_Exercise input_
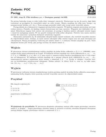 (1 ¬ wi ¬ 1 000 000, wi 6= wj dla i 6= j), przy czym wi oznacza rodzaj surowca znajdującego się w i-tym wagonie od lokomotywy. W kolejnym wierszu znajduje się n parami różnych liczb całkowitych m1 , m2 , . . . , mn ,
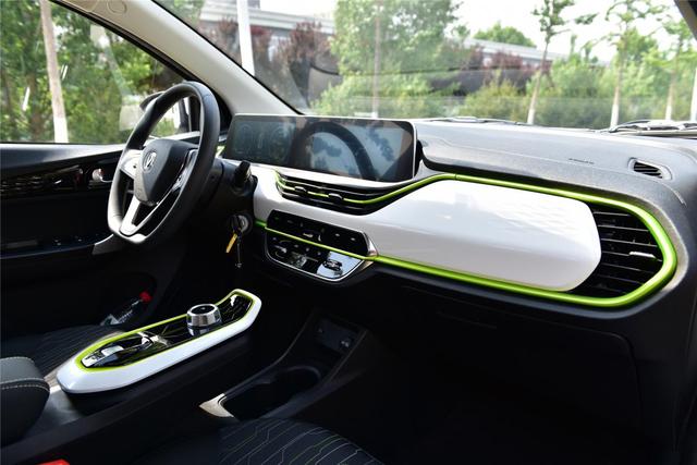 内饰是这一代新车的一个亮点,奔奔E-star拥有同级别最好的内饰,内饰配色采用白色和代表新能源的绿色装饰条,用料则是类似钢琴漆材质的塑料面板,手感非常润滑,前仪表台的双连屏已经是豪华品牌必备的配置,5万的小车拥有这种配置会让很多用户感到亮眼,而实际使用无论是反应速度还是显示效果都和几十万的车没有区别。
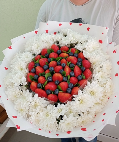 Вкусный букет из свежих сезонных ягод в сочетании с весенними цветами станет приятным и оригинальным подарком от Zakazbuketov.kz
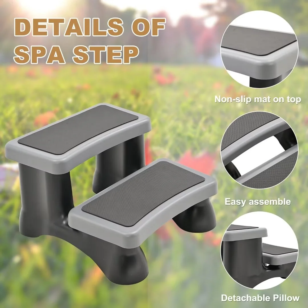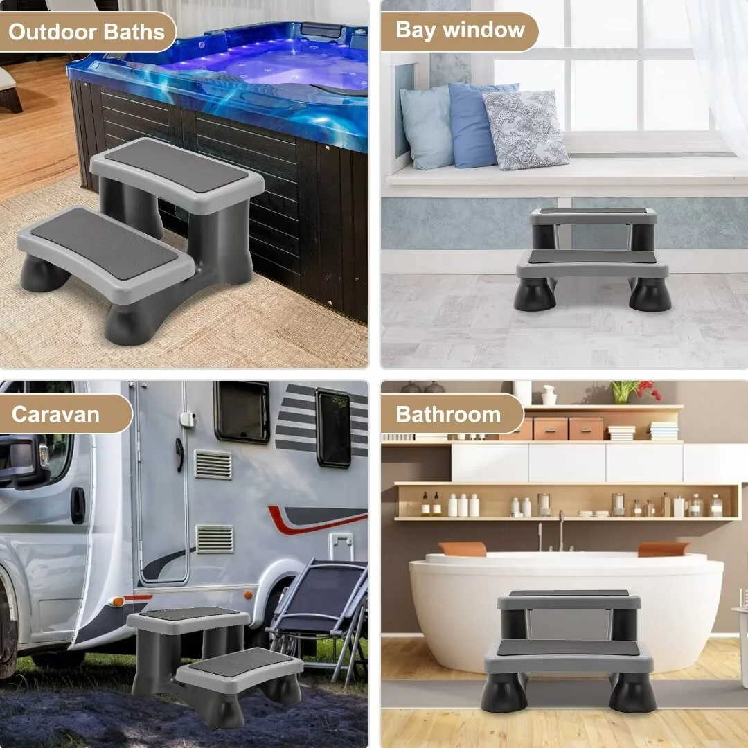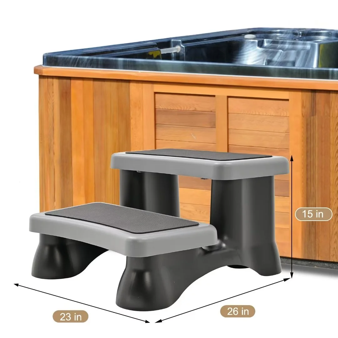Docred 23" Two-Step Hot Tub Steps,Pool Ladders,Universal Resin Hot Tub and Spa Step Grey & Black ,Max Supports 330lb
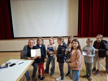Nach den Lesungen wurden viele Fragen der Kinder beantwortet. Im Anschluss verteilte er Autogrammkarten und die Kinder konnten die vorgestellten Bücher erwerben. Natürlich wurden auch diese vom Autor signiert. So nahm jedes Kind eine besondere Erinnerung mit nach Hause. Alle vorgestellten Bücher stehen für die Kinder auch als Ausleihexemplare in der Schulbibliothek bereit.
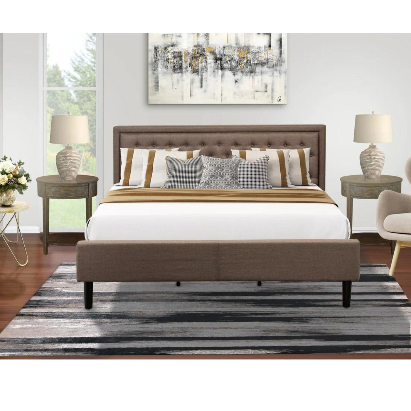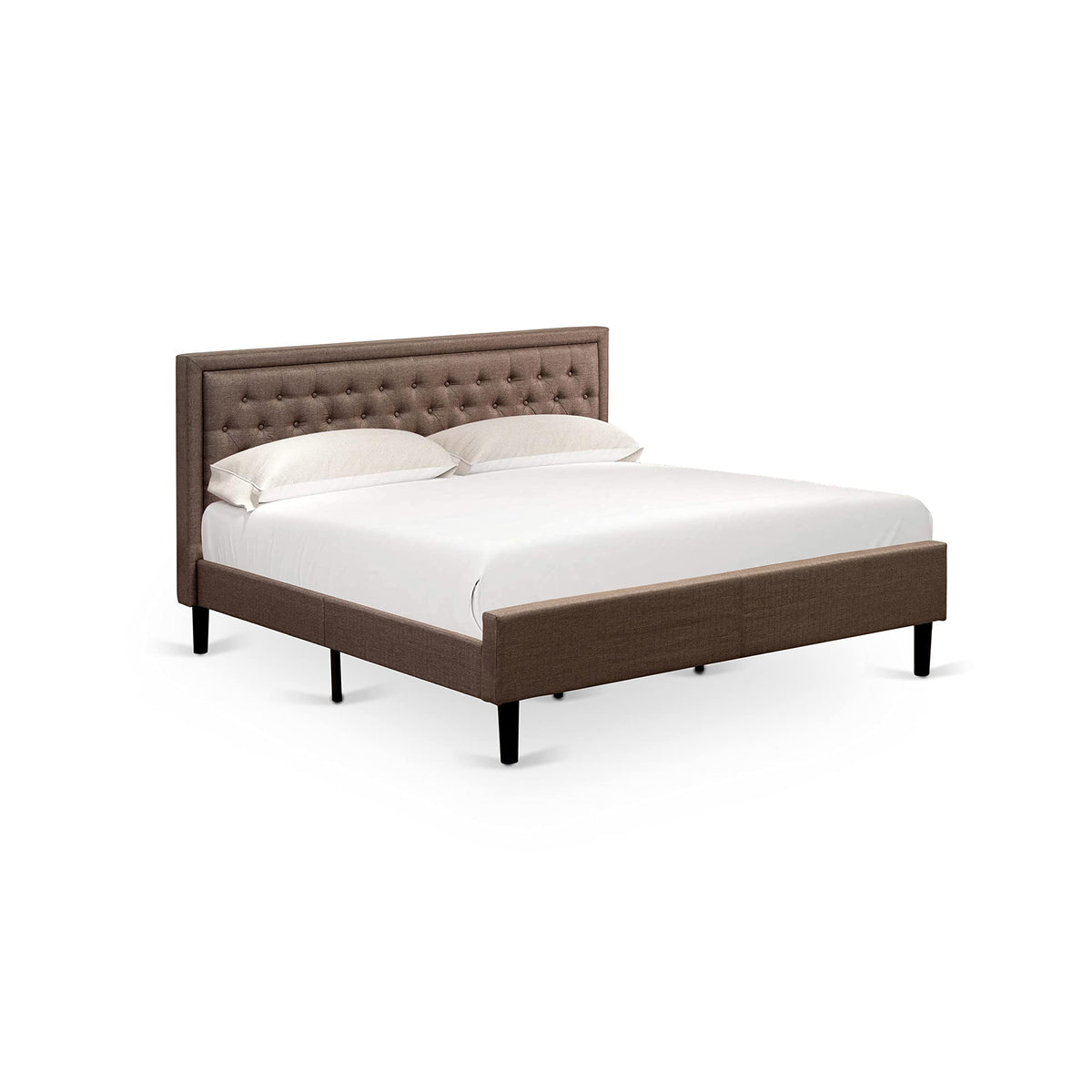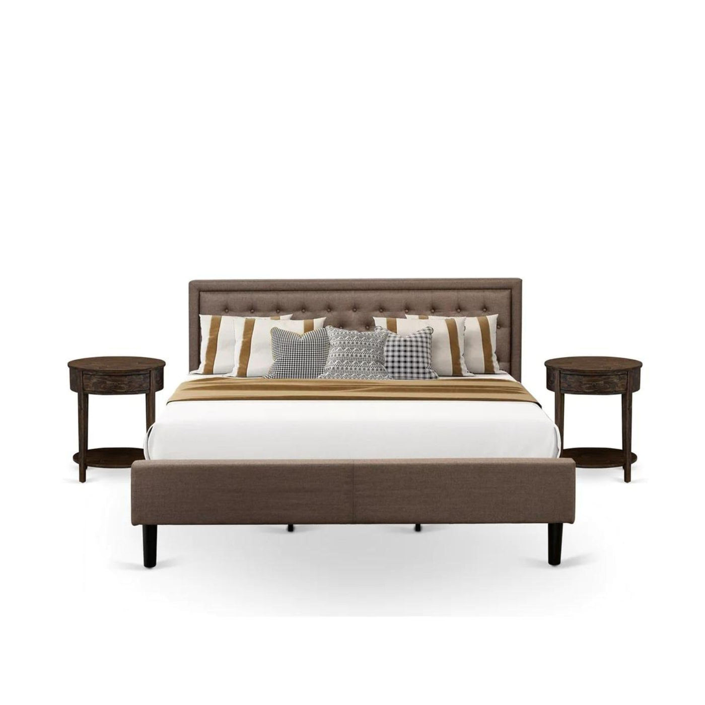 EAST WEST FURNITURE - KD18K-2HI07 - 3 PIECE BED SETThis exquisite bedroom set is a stunning addition to any bedroom in your home. Our 3 Piece king bed set includes a king platform bed and two small nightstands with one drawer each. It is guaranteed to impress any guests as it seamlessly blends with any type of decor. Engineered wood has been skillfully utilized in constructing both the king platform bed and mid-century modern nightstands, ensuring sturdy support for you and your mattress. The versatile bed features a robust wood headboard that serves as the focal point of your bedroom, providing a comfortable place to lean on and unwind. It is adorned with foam padding and covered in Brown Linen Fabric. This king bedroom set requires minimal maintenance and is a great choice for those on a budget. The package includes step-by-step assembly instructions for the headboard, footboard, wooden slats, and other accessories, enabling you to assemble them quickly. The Linen Fabric headboard is easy to clean and always enhances the overall appeal. With our product, your room will be enhanced and you'll experience a heightened sense of well-being.PRODUCT FEATURES: Material: Engineered Wood Bed Frame Color: Brown Bed Frame Legs Color: Black Night Stand Color: Distressed Jacobean Dimensions of King Size Bed Frame: Length: 89; Width: 81; Height: 47. Nightstand Dimensions: Length: 23.7; Width: 23.7; Height: 28.Include in this Package: 1 King Bed Frame and 2 Wood Night StandNote: Mattress is not included with this Wood Bed Frame.

_What the task asks_
Copy the listing exactly, omitting pictures.

_Completed exercise_
 (1 ¬ wi ¬ 1 000 000, wi 6= wj dla i 6= j), przy czym wi oznacza rodzaj surowca znajdującego się w i-tym wagonie od lokomotywy. W kolejnym wierszu znajduje się n parami różnych liczb całkowitych m1 , m2 , . . . , mn ,
 内饰是这一代新车的一个亮点,奔奔E-star拥有同级别最好的内饰,内饰配色采用白色和代表新能源的绿色装饰条,用料则是类似钢琴漆材质的塑料面板,手感非常润滑,前仪表台的双连屏已经是豪华品牌必备的配置,5万的小车拥有这种配置会让很多用户感到亮眼,而实际使用无论是反应速度还是显示效果都和几十万的车没有区别。
 Вкусный букет из свежих сезонных ягод в сочетании с весенними цветами станет приятным и оригинальным подарком от Zakazbuketov.kz
Docred 23" Two-Step Hot Tub Steps,Pool Ladders,Universal Resin Hot Tub and Spa Step Grey & Black ,Max Supports 330lb
Nach den Lesungen wurden viele Fragen der Kinder beantwortet. Im Anschluss verteilte er Autogrammkarten und die Kinder konnten die vorgestellten Bücher erwerben. Natürlich wurden auch diese vom Autor signiert. So nahm jedes Kind eine besondere Erinnerung mit nach Hause. Alle vorgestellten Bücher stehen für die Kinder auch als Ausleihexemplare in der Schulbibliothek bereit.
 EAST WEST FURNITURE - KD18K-2HI07 - 3 PIECE BED SETThis exquisite bedroom set is a stunning addition to any bedroom in your home. Our 3 Piece king bed set includes a king platform bed and two small nightstands with one drawer each. It is guaranteed to impress any guests as it seamlessly blends with any type of decor. Engineered wood has been skillfully utilized in constructing both the king platform bed and mid-century modern nightstands, ensuring sturdy support for you and your mattress. The versatile bed features a robust wood headboard that serves as the focal point of your bedroom, providing a comfortable place to lean on and unwind. It is adorned with foam padding and covered in Brown Linen Fabric. This king bedroom set requires minimal maintenance and is a great choice for those on a budget. The package includes step-by-step assembly instructions for the headboard, footboard, wooden slats, and other accessories, enabling you to assemble them quickly. The Linen Fabric headboard is easy to clean and always enhances the overall appeal. With our product, your room will be enhanced and you'll experience a heightened sense of well-being.PRODUCT FEATURES: Material: Engineered Wood Bed Frame Color: Brown Bed Frame Legs Color: Black Night Stand Color: Distressed Jacobean Dimensions of King Size Bed Frame: Length: 89; Width: 81; Height: 47. Nightstand Dimensions: Length: 23.7; Width: 23.7; Height: 28.Include in this Package: 1 King Bed Frame and 2 Wood Night StandNote: Mattress is not included with this Wood Bed Frame.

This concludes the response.